= Biostimulant =

Material used to promote plant growth

Biostimulants also termed as plant conditioners or bioeffectors are substances, cultures of micro-organism, and mixtures of materials used to promote the growth of crop plants and can include natural or artificial plant growth regulators and biofertilizers. They do not include pesticides or fertilizers. The concept has been developed on the basis of the idea that plants are not isolated entities but grow within a complex ecosystem involving interactions with multiple organisms and that the strengths of these associations can be modified to enhance plant growth. The definitions vary but an attempted standard definition includes the statement that they are “a formulated product of biological origin that improves plant productivity as a consequence of the novel or emergent properties of the complex of constituents, and not as a sole consequence of the presence of known essential plant nutrients, plant growth regulators, or plant protective compounds.”

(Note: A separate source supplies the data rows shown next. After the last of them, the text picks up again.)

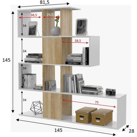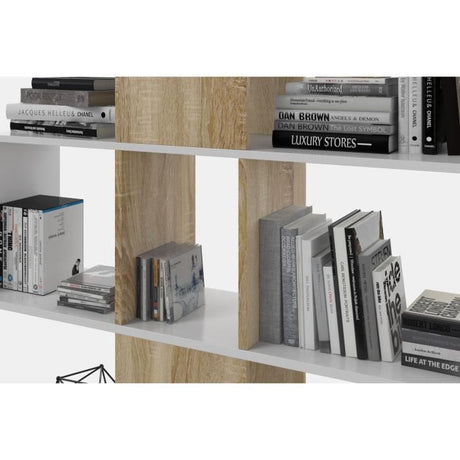 Bibliotheque Ètagere ZIGZAG - Chene et blanc - 4 niveaux - MÈlamine - 145 x 145 x 28 cm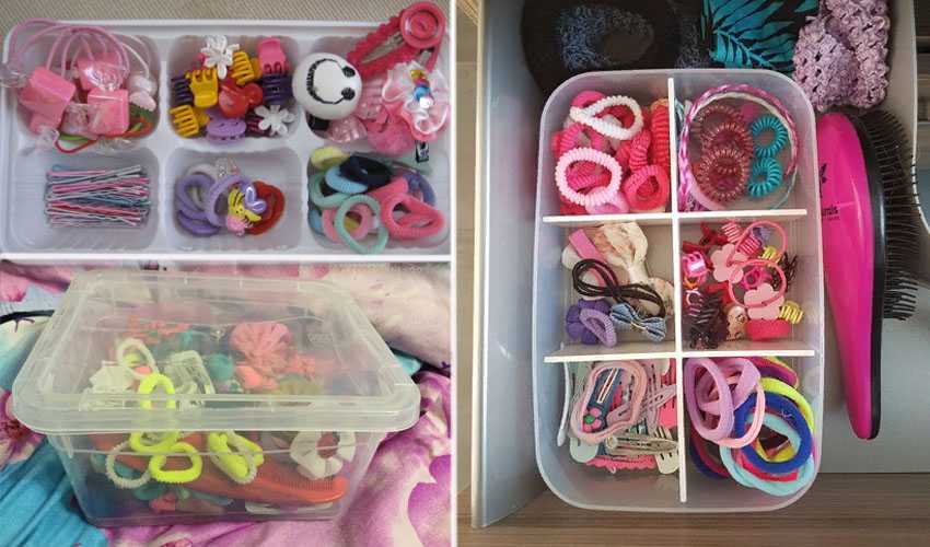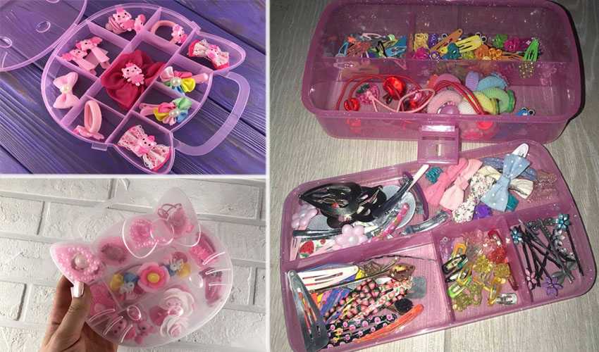- Хранение детских резинок и заколок в коробке – органайзере более удобно. В ней можно выделить отдельное место для каждого вида принадлежностей. А после использования отправить на полку шкафа. Если понадобится, такую коробку можно отнести в любое место.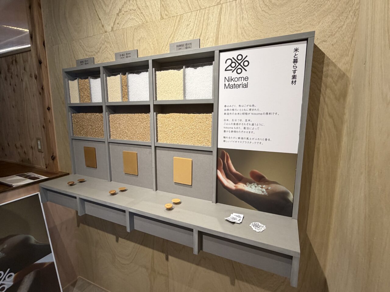 バイオマスレジンマーケティングが新潟市のニモウサクさんと連携して開発を行っている新潟発の新しいバイオマスプラスチック「Nikome」。

Although there are no widely accepted definitions of the term, around eight categories of constituents have been recognized in the literature which include:

- Humic substances
- Nitrogenous substances including amino acids
- Non-essential chemical elements
- Inorganic salts
- Seaweed extracts
- Chitin and chitosan derivatives
- Antitranspirants
- Other complex organic materials

A review commissioned by the Agriculture and Horticulture Development Board also included biological agents under the definition and defined four categories of these:

- Plant growth promoting bacteria and rhizobacteria
- Non-pathogenic fungi
- Arbuscular mycorrhizal fungi
- Non-pathogenic protozoa and nematodes
- Endophytic microbial consortia

Endophytic microbes are microorganisms that colonise
plant tissues internally, forming closer associations with the
host than rhizobacteria. Endophytic biostimulants based on
registered microbial strains have demonstrated improvements in
Nutrient Use Efficiency (NUE) and abiotic stress tolerance
under field conditions.

==Regulation==
As of 2016 due to there being no agreed definition of the term biostimulant, there were no specific frameworks for regulating their use in any country. The regulation of production and use of these materials varies from country to country with some treating them under their fertilizer legislations. As of 2016 in Europe, registration requirements differed substantially between countries with France, Italy and Hungary having relatively strict regulations which required evidence of efficacy and toxicity, Germany and Spain requiring only efficacy information and the UK requiring no efficacy or safety information.